╭─ Data to use

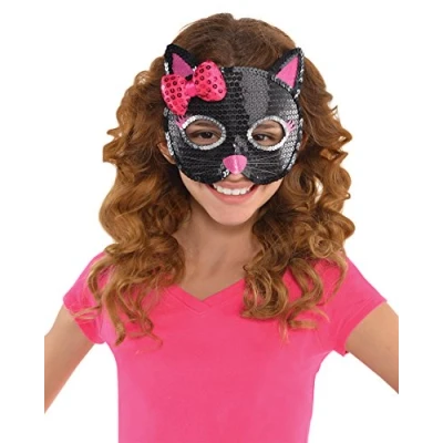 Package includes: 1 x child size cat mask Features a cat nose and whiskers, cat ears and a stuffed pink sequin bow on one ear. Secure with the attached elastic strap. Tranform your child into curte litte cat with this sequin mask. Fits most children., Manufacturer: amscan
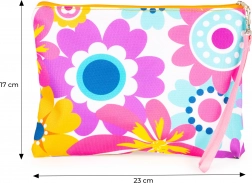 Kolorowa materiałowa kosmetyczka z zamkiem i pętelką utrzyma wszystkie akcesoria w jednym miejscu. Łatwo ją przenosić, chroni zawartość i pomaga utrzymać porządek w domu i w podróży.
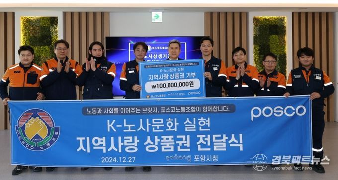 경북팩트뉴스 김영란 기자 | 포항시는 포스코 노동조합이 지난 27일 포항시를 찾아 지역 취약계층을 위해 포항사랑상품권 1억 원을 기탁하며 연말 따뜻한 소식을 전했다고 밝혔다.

╰─
╭─ Data to use

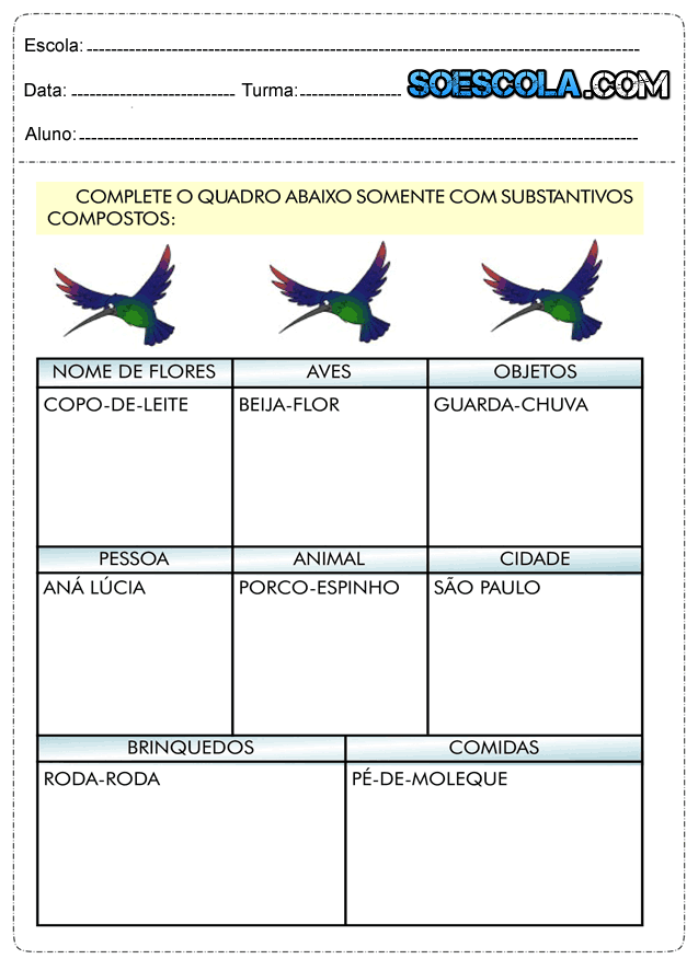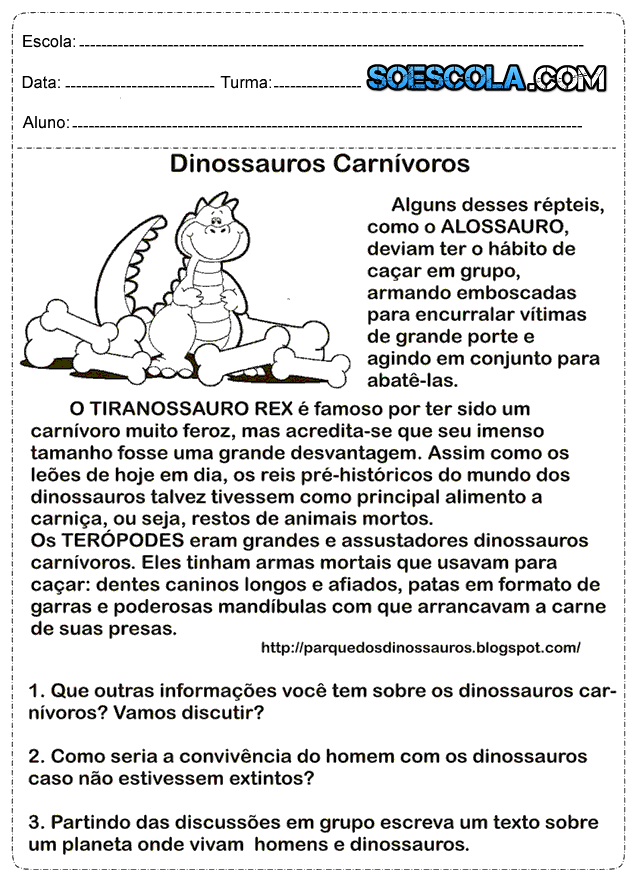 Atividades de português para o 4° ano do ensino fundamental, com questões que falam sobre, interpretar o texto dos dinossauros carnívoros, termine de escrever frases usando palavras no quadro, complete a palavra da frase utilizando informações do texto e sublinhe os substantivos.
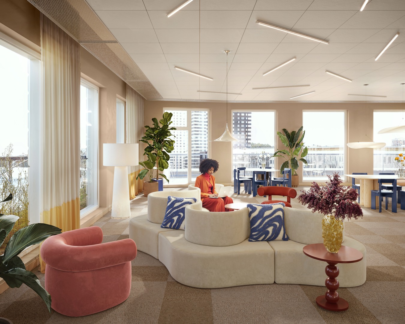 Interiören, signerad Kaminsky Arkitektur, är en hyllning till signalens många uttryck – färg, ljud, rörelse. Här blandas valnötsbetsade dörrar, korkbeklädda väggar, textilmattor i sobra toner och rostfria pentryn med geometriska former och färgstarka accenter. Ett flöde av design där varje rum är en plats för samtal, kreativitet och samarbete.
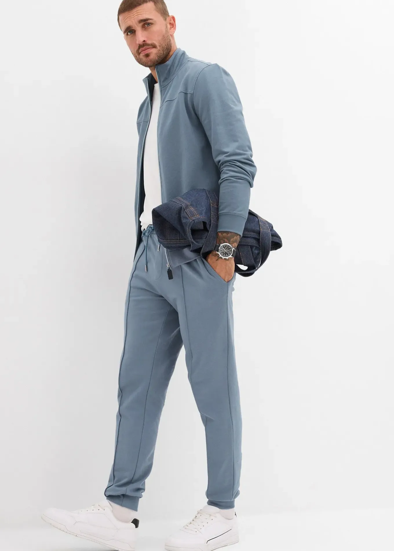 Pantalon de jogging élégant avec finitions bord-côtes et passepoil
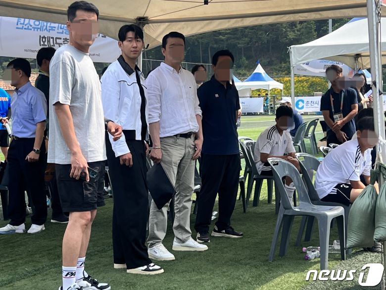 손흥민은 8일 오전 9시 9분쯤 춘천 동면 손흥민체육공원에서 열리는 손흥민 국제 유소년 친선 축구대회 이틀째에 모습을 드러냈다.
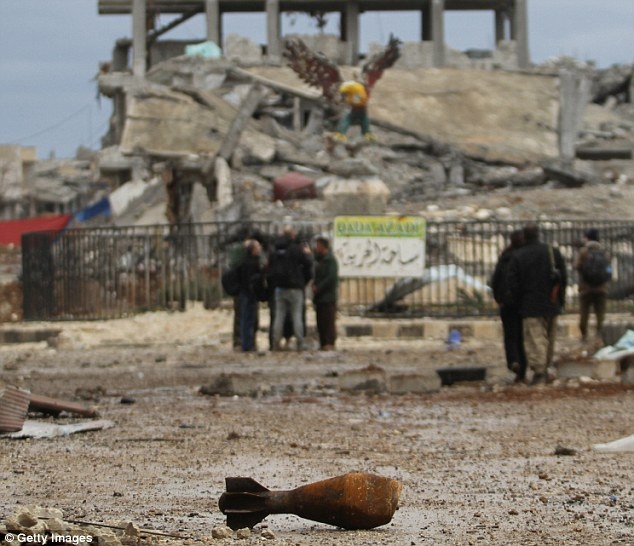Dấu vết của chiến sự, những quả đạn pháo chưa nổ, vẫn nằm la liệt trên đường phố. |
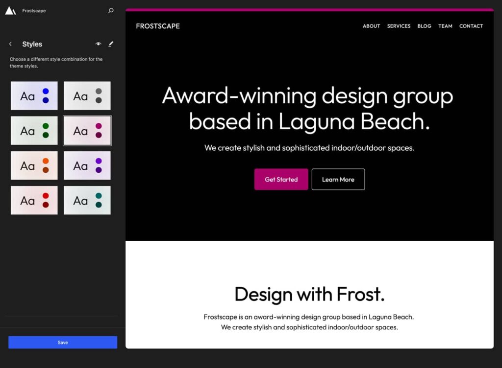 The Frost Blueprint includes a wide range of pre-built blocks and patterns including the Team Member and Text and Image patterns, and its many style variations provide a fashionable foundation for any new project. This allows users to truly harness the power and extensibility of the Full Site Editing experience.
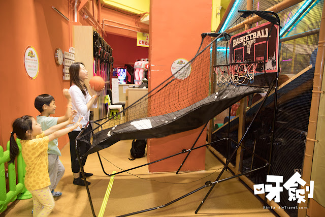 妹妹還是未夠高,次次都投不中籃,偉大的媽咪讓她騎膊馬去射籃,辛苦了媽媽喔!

╰─
╭─ Data to use

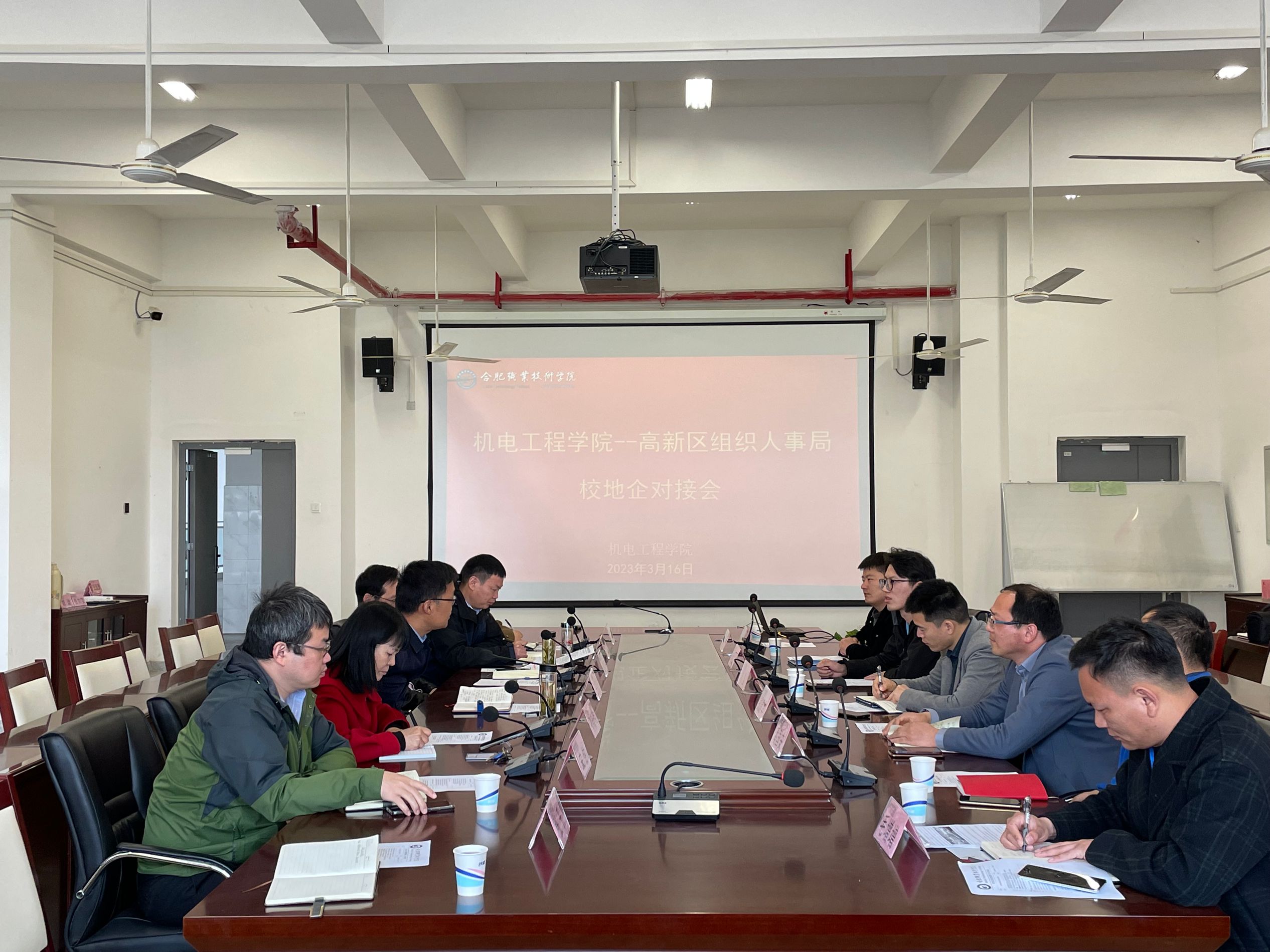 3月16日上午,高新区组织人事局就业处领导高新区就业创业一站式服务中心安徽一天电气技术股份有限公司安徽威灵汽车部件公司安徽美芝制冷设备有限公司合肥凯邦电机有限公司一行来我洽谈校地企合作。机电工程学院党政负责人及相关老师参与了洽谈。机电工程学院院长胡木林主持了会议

╰─

**Exercise directions**: When copying from the data above, print only the lines from the line containing "Atividades de português" to the line containing "Pantalon de jogging", exactly, and leave the pictures out.

**Response box**:
 Atividades de português para o 4° ano do ensino fundamental, com questões que falam sobre, interpretar o texto dos dinossauros carnívoros, termine de escrever frases usando palavras no quadro, complete a palavra da frase utilizando informações do texto e sublinhe os substantivos.
 Interiören, signerad Kaminsky Arkitektur, är en hyllning till signalens många uttryck – färg, ljud, rörelse. Här blandas valnötsbetsade dörrar, korkbeklädda väggar, textilmattor i sobra toner och rostfria pentryn med geometriska former och färgstarka accenter. Ett flöde av design där varje rum är en plats för samtal, kreativitet och samarbete.
 Pantalon de jogging élégant avec finitions bord-côtes et passepoil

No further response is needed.